Let's start with the first phase when the skis are powered by the thrust. The equation we'll use is:
F = m * a
Where:
F is the net force,
m is the mass of Jason and skis, and
a is the acceleration.
Since the skis have a thrust of 200 N and the mass is given as 75 kg, we can rearrange the equation to solve for acceleration:
a = F / m
a = 200 N / 75 kg
a ≈ 2.67 m/s²
Now, we can use the equations of linear motion to calculate the distance covered during this phase.
The equation to calculate the distance covered when the skis are powered by the thrust is:
d = v * t + 0.5 * a * t²
Where:
d is the distance covered,
v is the initial velocity (which is assumed to be 0 since the skis start from rest),
t is the time, and
a is the acceleration.
Plugging in the values:
d1 = 0.5 * a * t²
d1 = 0.5 * 2.67 m/s² * (38 s)²
d1 ≈ 2,411.97 m
This gives us the distance covered during the first phase when the skis are powered by the thrust.

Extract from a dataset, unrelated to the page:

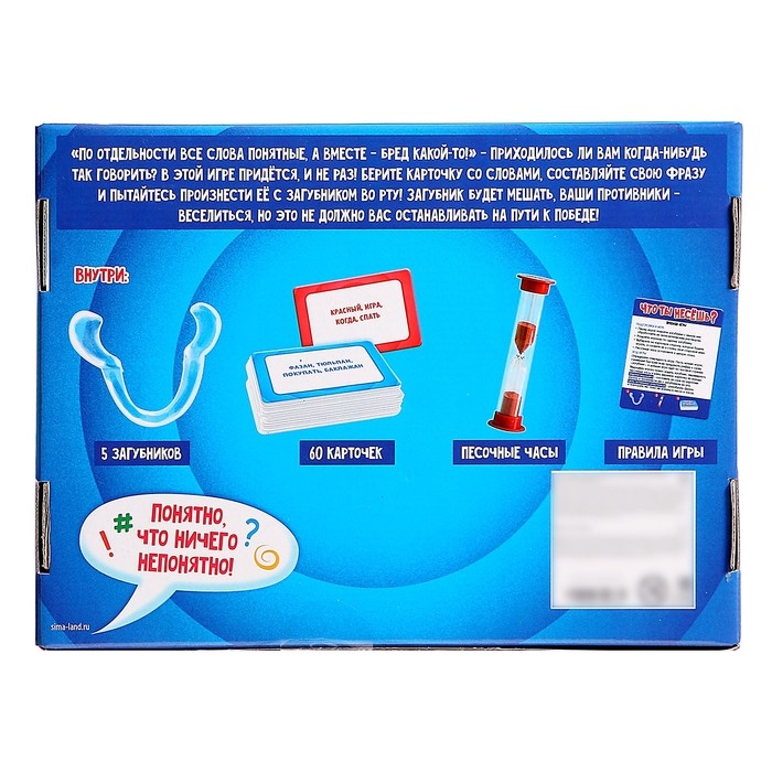 Проверьте, насколько хорошо вас понимают друзья с настольной игрой «Что ты несёшь?». Составьте слова с карточки в предложение и попытайтесь его проговорить с загубником во рту. Не забывайте — время ограничено! Действуйте быстро, не давайте соперникам смеяться над вами и докажите, кто достоин победы!

Now, let's calculate the distance covered during the second phase when the skis are coasting due to the kinetic friction on water. The force of friction can be calculated as:
f_friction = μ * m * g
Where:
f_friction is the force of friction,
μ is the coefficient of kinetic friction on water (which is given as 0.1),
m is the mass of Jason and skis, and
g is the acceleration due to gravity.
f_friction = 0.1 * 75 kg * 9.8 m/s²
f_friction ≈ 73.5 N
Now, we can use the equation F = m * a to calculate the deceleration during this phase:
f_friction = m * a
73.5 N = 75 kg * a
a ≈ 0.98 m/s²
Using the equation of linear motion again, the distance covered during this phase can be calculated as:
d2 = v² / (2 * a)
Since the skis are coasting to a stop, the initial velocity (v) is the final velocity at the end of the first phase, which can be calculated using the equation v = a * t:
v = 2.67 m/s² * 38 s
v ≈ 101.46 m/s
Plugging in the values:
d2 = (101.46 m/s)² / (2 * 0.98 m/s²)
d2 ≈ 2617.57 m
Now, we can calculate the total distance covered by adding the distances covered during both phases:
total distance = d1 + d2
total distance ≈ 2,411.97 m + 2617.57 m
total distance ≈ 5,029.54 m
Therefore, Jason travels approximately 5,029.54 meters when he finally coasts to a stop.